Plasma samples collected from patients before, during, and after a PDSS event (McDonnell et al., 2010) have shown excessively high olanzapine concentrations during a PDSS event when compared with the olanzapine plasma concentrations of the same or other patients when not experiencing a PDSS event. Olanzapine plasma concentrations during the time that the patients were symptomatic with PDSS were observed in the range of 87–665 ng/ml, with most above 200 ng/ml (McDonnell et al., 2010), representing higher concentrations that would typically be expected if the medication had been deposited into muscle tissue as intended. Not only was the finding atypical compared with other OLAI patients but it also appeared atypical for the affected patients themselves, who had not previously shown any abnormal tendencies with respect to olanzapine plasma concentrations. Moreover, with the exception of one patient who went on to have a second PDSS event at a later date, patients who continued receiving OLAI injections after their PDSS event showed a ‘typical’ pharmacokinetic profile at subsequent injections in the clinical trials (McDonnell et al., 2010). This observation of excessive or elevated olanzapine concentrations during PDSS is believed to be mechanistically related to the finding of an enhanced rate of dissolution of OLAI in blood as compared with the intentional slow rate of dissolution of OLAI in muscle tissue. It should also be noted that some patients in the clinical trials, including control patients receiving oral olanzapine, had measured olanzapine plasma concentrations above 87 ng/ml or in some cases even above 100 ng/ml during routine evaluation (see Figs 7 and 8) and yet were not symptomatic for PDSS. Thus, a higher than typical olanzapine concentration is not necessarily indicative of PDSS. Instead, the syndrome must be defined by the onset of specific clinical symptoms in close proximity to the injection (see Detke et al., 2010 for the case definition of PDSS).

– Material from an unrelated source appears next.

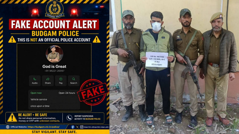 According to police, reliable information was received that Sameer Ali Bhat, son of Ghulam Muhammad Bhat, a resident of Pallar Budgam, was sharing screenshots of chats with a fake WhatsApp account impersonating SSP Budgam and portraying himself as a close aide to gain undue influence among the public.

Pharmacokinetic results from simulations as well as observed data from five clinical trials are presented to address clinical questions on the pharmacokinetic profile of OLAI. Basic pharmacokinetic differences between the long-acting and oral olanzapine formulations are presented, including time to peak olanzapine concentration per dose (occurring within a few days for OLAI and within several hours for oral olanzapine) and length of half-life (30 days for OLAI and 30 h for oral olanzapine). Also, although oral dosing reaches steady-state conditions within days, the slow-release properties of the depot result in a much longer time to reach a steady state. Olanzapine concentrations from OLAI increase gradually, taking ∼3 months to reach steady-state conditions as the total olanzapine concentration at any given time is not only the result of the most recent injection but also arises from portions of the concentrations from OLAI injections of the last several months. Despite this slower time to reach steady-state conditions, data indicated that therapeutic concentrations were available within hours of the first OLAI injection, irrespective of the presence of previous oral olanzapine. For patients being switched from oral olanzapine, there is a decrease in concentrations for a period of some weeks while olanzapine from the OLAI is ramping up to a steady state. Again, however, concentrations during this initial period are still in a therapeutic range, but are not yet at the target dose level. These findings hold true irrespective of the dose or the injection interval of OLAI being administered. Thus, the pharmacokinetic behavior of the 2-week injection dosing is similar to that of the 4-week dosing, as the same principles apply.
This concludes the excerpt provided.